**INPUT FOR THIS TASK**
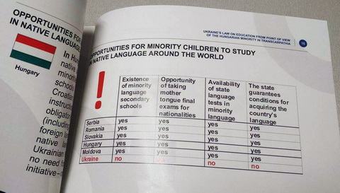 В качестве доказательства в брошюре "Возможности для детей меньшинств изучать родной язык" приводятся примеры соседних Сербии, Румынии, Словакии, Венгрии, Молдовы и Польши, где только Украина по проигрывает по всем статьям.
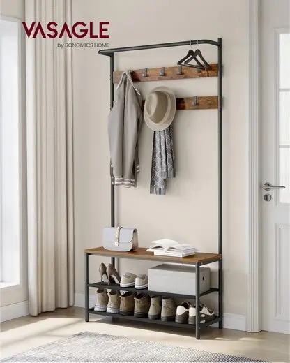 VASAGLE Vasagle Kapstok Kledingkast, Jurken Bar, Zitbank [#14cec1]
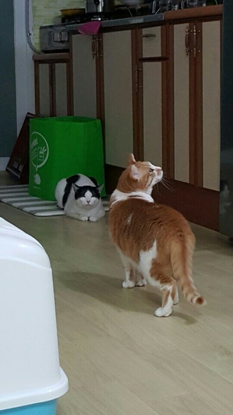 -고양이와 친화적입니다. 동거했던 임보냥들, 입양처에서의 고양이와도 너무 잘 지냈어요.
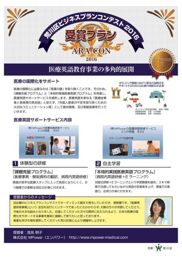 荒川区ビジネスプラン表彰式(「ARA-CON(あらこん)2016ファイナルイベント」にて)
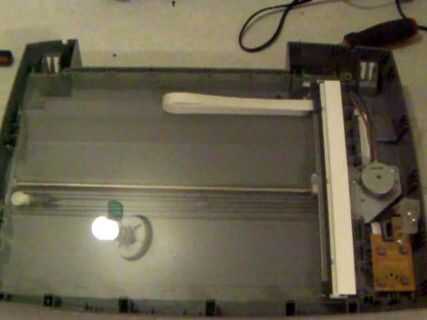 El siguiente es la capa superior que protege el conjunto interior funcionamiento del escáner, retire ésta con cuidado que podría tener el vidrio que se pega en un lado con el pegamento, suficiente adhesivo para moverse cuando se mueve pero no lo suficiente para mantener en su lugar... (si usted no tiene cuidado el cristal caerá de la tapa y la rotura)
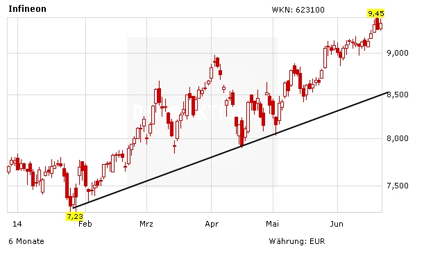Infineon ist hervorragend aufgestellt. Ein Ausbruch über die 10-Euro-Marke dürfte nur eine Frage der Zeit sein. Das langfristige Kursziel des AKTIONÄR lautet zwölf Euro. Investierte Anleger bleiben dabei und lassen die Gewinne laufen.
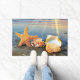 Zeeschelpen en zeesterkreeft op het strand deurmat

**WHAT THE TASK REQUIRES**
From the first line of the entries down to the line with "荒川区ビジネスプラン表彰式(「ARA-C", print each line exactly; omit any picture.

**ANSWER TO THE EXERCISE**
 В качестве доказательства в брошюре "Возможности для детей меньшинств изучать родной язык" приводятся примеры соседних Сербии, Румынии, Словакии, Венгрии, Молдовы и Польши, где только Украина по проигрывает по всем статьям.
 VASAGLE Vasagle Kapstok Kledingkast, Jurken Bar, Zitbank [#14cec1]
 -고양이와 친화적입니다. 동거했던 임보냥들, 입양처에서의 고양이와도 너무 잘 지냈어요.
 荒川区ビジネスプラン表彰式(「ARA-CON(あらこん)2016ファイナルイベント」にて)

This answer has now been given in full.